It has been reported that polyvinyl chloride (PVC) plays an important role in the formation of PAH during pyrolysis.⁶ PVC is the second most used plastic (after polyethylene) because of its low price and durability,⁷ and it is found in significant quantities in municipal solid waste (MSW). Research on PVC pyrolysis has shown that thermal degradation of PVC is a two stage process.⁸ The first stage consists of the progressive dehydrochlorination of the polymer resulting in a conjugated polyene structure as a residue, which can undergo further pyrolysis (second stage) to yield a series of hydrocarbon products.⁹

Studies of the interactions between PVC and biomass during co-pyrolysis will be important for fundamentally understanding PAH formation. Several preliminary studies have been undertaken to investigate the interaction between PVC and biomass during co-pyrolysis. Matsuzawa et al.¹⁰ studied the interaction of cellulose (a major component of biomass) with polyethylene (PE), polypropylene (PP), polystyrene (PS), and PVC by thermogravimetry-direct mass spectrometry (TG-MS). Interaction was reported only for co-pyrolysis of cellulose and PVC. Fourier Transform Infrared Spectroscopy (FTIR) analysis indicated that the char derived from pyrolysis of a mixture of cellulose and PVC had fewer hydroxyl groups and more C=O and C=C bonds compared with the char from pyrolysis of pure cellulose. It was suggested that HCl evolution from the chlorinated polymer promotes reactions of dehydration, scission in the intra-ring of the glucose unit, cross-linkage and charring rather than the depolymerisation of cellulose.¹⁰ McGhee et al. pyrolyzed mixtures of PVC and straw in a tube furnace at a heating rate of 10 K min⁻¹, and showed that the yield of bio-char from straw was increased, and also the bio-char became less reactive, compared with the pyrolysis of straw alone.¹¹

Currently, there is very limited literature investigating PAH formation during the co-pyrolysis of biomass and PVC. Several studies investigating the interactions of PVC and biomass have been carried out under slow pyrolysis conditions.^10,11 However, there are few investigating fast pyrolysis where different heat transfer and mass transfer processes would be expected, resulting in different interactions between plastics and biomass. Also, fast pyrolysis technology is at present considered as an emerging energy technology for liquid-tar and solid-char production, and is preferred to slow pyrolysis technology.¹²

It has been reported that bio-char production from biomass pyrolysis in terms of yield and chemical properties has been significantly affected by the presence of PVC.¹¹ Furthermore, it is not clear whether PAH formation during the co-pyrolysis of biomass and PVC is affected by bio-char generation from biomass pyrolysis.

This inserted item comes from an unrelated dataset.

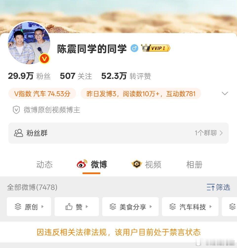 陈震老师不但大号被全网禁言,连小号也被追加禁言了,事似乎情有点严重了,搞不好要“

In this paper, we investigated the interaction of PVC with three biomass components (hemi-cellulose, cellulose, and lignin) during fast pyrolysis using a fixed bed reactor coupled with a HCl absorption system. The formation of PAH and HCl are discussed, together with the production of other gas and solid residue products.

Materials and methods

Materials

The PVC and xylan (commonly representative of hemi-cellulose, from beech wood) were obtained from Sigma-Aldrich. Cellulose (microcrystalline) was provided from Research Chemicals Ltd. Lignin (dealkaline) was obtained from Tokyo Chemical Industry Co., Ltd. The sample sizes were less than 150 μm. Before the experiments, all the samples were dried at 105 °C. Results of the proximate analysis (thermogravimetric analyser) and ultimate analysis (CE Instruments CHNS-O analyser) of the samples are shown in Table 1.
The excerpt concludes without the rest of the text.